* **GOAL OF THE EXERCISE**
Find the line with "Ropesmart's classic trucker" in the entries below, then output every line from it down to the line with "PLUS, take your", exactly and with no pictures.

* **DATA FOR THE TASK**
"""
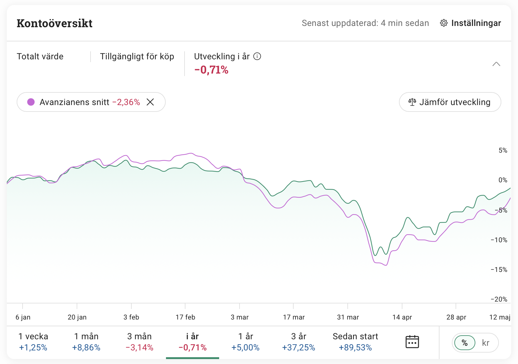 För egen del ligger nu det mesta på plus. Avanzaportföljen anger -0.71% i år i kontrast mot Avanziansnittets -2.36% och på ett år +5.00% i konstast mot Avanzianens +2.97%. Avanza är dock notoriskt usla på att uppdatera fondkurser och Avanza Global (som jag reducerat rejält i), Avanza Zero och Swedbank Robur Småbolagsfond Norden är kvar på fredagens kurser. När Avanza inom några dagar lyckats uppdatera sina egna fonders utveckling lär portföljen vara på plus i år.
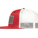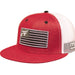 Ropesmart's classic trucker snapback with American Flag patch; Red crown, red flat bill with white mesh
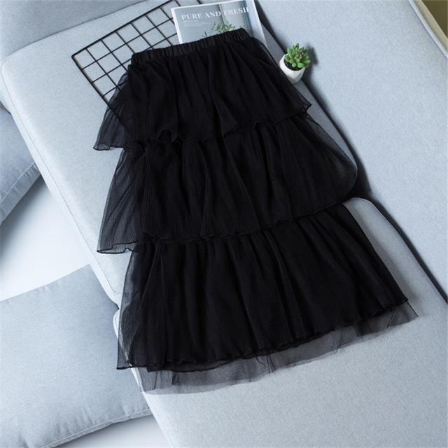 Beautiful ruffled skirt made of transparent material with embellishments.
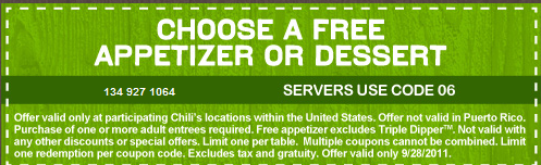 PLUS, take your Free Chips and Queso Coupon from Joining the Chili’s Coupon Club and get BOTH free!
"""
"""
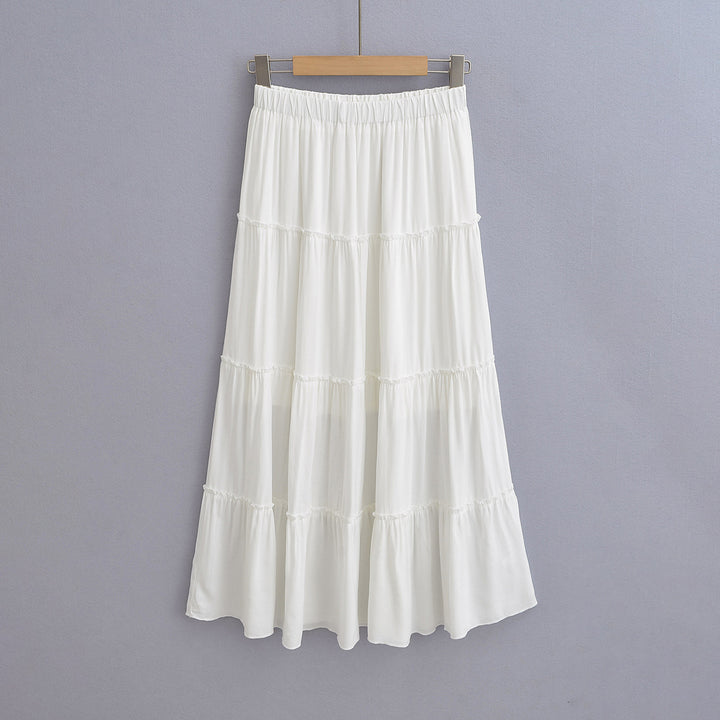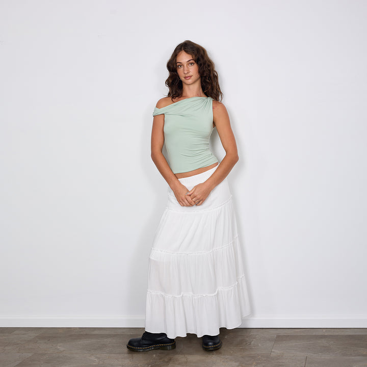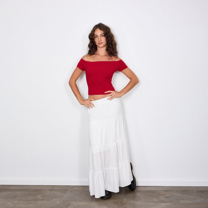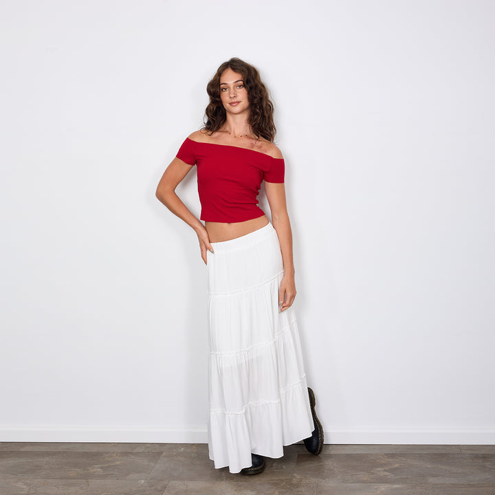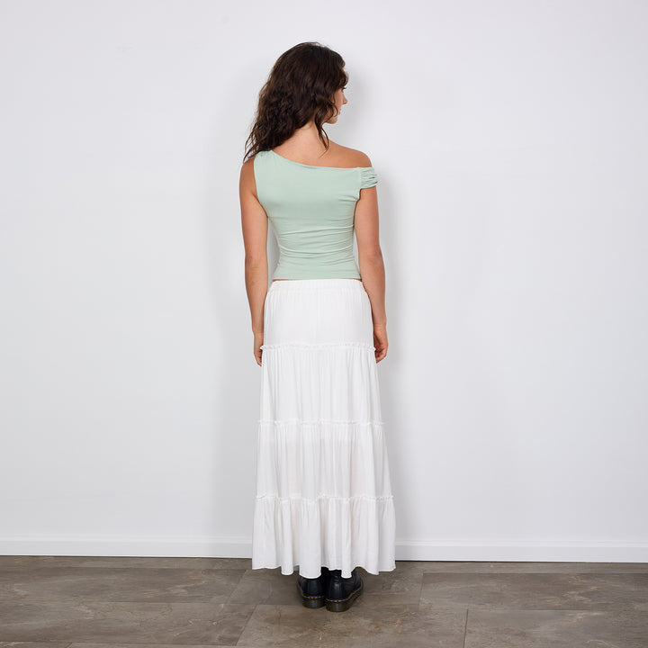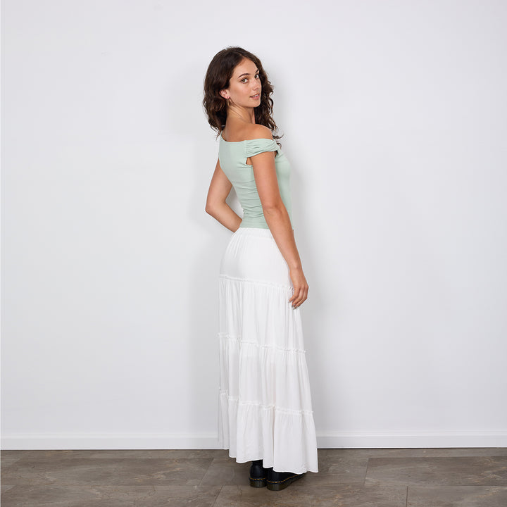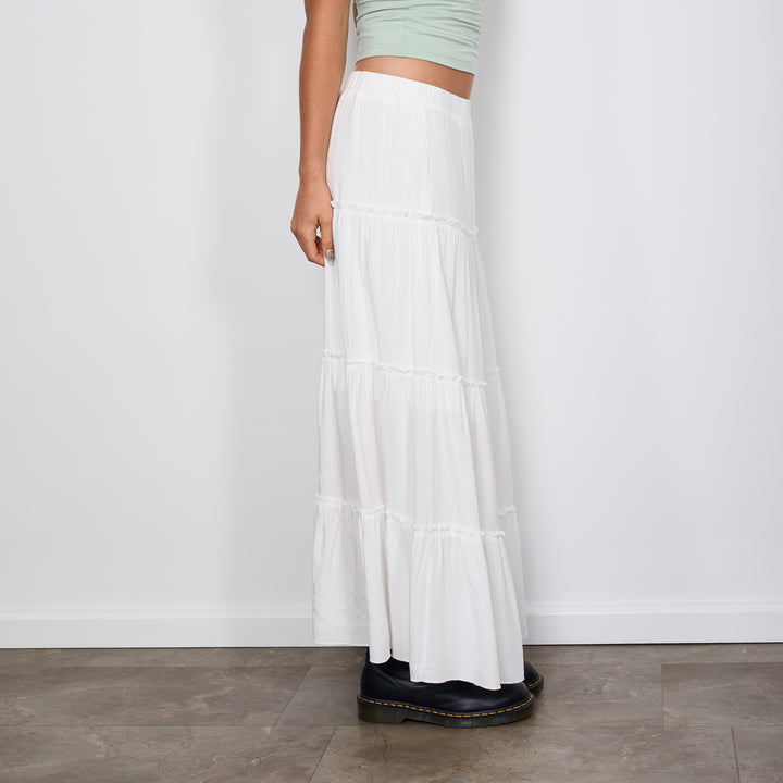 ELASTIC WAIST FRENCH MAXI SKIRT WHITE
"""
* **TASK ANSWER**
 Ropesmart's classic trucker snapback with American Flag patch; Red crown, red flat bill with white mesh
 Beautiful ruffled skirt made of transparent material with embellishments.
 PLUS, take your Free Chips and Queso Coupon from Joining the Chili’s Coupon Club and get BOTH free!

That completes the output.